Но кое-что война пощадила – Мадонну. Дева Мария все так же стояла там, где он видел ее пару месяцев назад, в центре нефа, одну руку прижав к сердцу, а другую подняв для благословения. Казалось, что она не замечает происходящего кругом, что она – в другом мире. Посреди всей этой разрухи она еще больше, чем обычно, воплощала чудо и надежду, и красота ее сияла даже над опустошением и отчаянием.

Но в городе еще теплилась жизнь. Спускаясь по покрытой льдом главной улице, Хэнкок заметил нескольких несчастных, изможденных и напуганных обстрелами людей, вылезавших из руин, в которые превратились их дома.
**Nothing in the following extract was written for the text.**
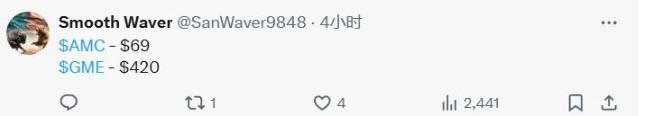 在他看来,69和420这两个数字可能暗示着“咆哮小猫”给两只最受欢迎的Meme股票的目标价格——AMC上涨到69美元(截至周四收盘5.2美元),GME上涨到420美元(截至周四收盘28.63美元)。

Кюре собора снова не было на месте, но свои услуги предложил ему человек по имени месье Жорж, во всем, вплоть до окровавленного платка на голове, являвший собой хрестоматийный портрет выжившего на войне.

– Я пришел за Мадонной, – пояснил Хэнкок, сидя за столом напротив месье Жоржа и его жены в их скромной кухне. Он достал письмо от епископа Льежа, которому подчинялся этот приход:

– Епископ предлагает спрятать ее до конца войны в крипте Льежской семинарии. Погода неподходящая, я знаю, но времени терять нельзя. У меня есть грузовик и хороший водитель. Мы можем забрать ее уже сегодня.

По лицам месье Жоржа и его жены пробежала тень.

– Мадонна не покинет Ла-Глез – ни сегодня, ни когда-либо еще.

Оказалось, месье Жорж не согласен даже на то, чтобы статуя покидала собор.

Но что насчет снега, морозов, ветра, крыши, которая вот-вот обвалится? Хэнкок спорил, как мог, но мужчина оставался непреклонен.

– Я созову общее собрание, – сказал наконец месье Жорж, и на этом разговор был окончен. Спустя час в его доме собралось около десяти не слишком дружелюбно настроенных людей – Хэнкок подозревал, что это были все выжившие жители города. Он – без особого успеха – попытался отстоять перед ними свое предложение.

– В моем доме отличный погреб, – наконец сказал месье Жорж. – Кюре прятался здесь с нами во время битвы. Нас разве что задевали залетавшие в маленькое окошко пули, но эта опасность теперь позади. Предлагаю перенести Мадонну в погреб.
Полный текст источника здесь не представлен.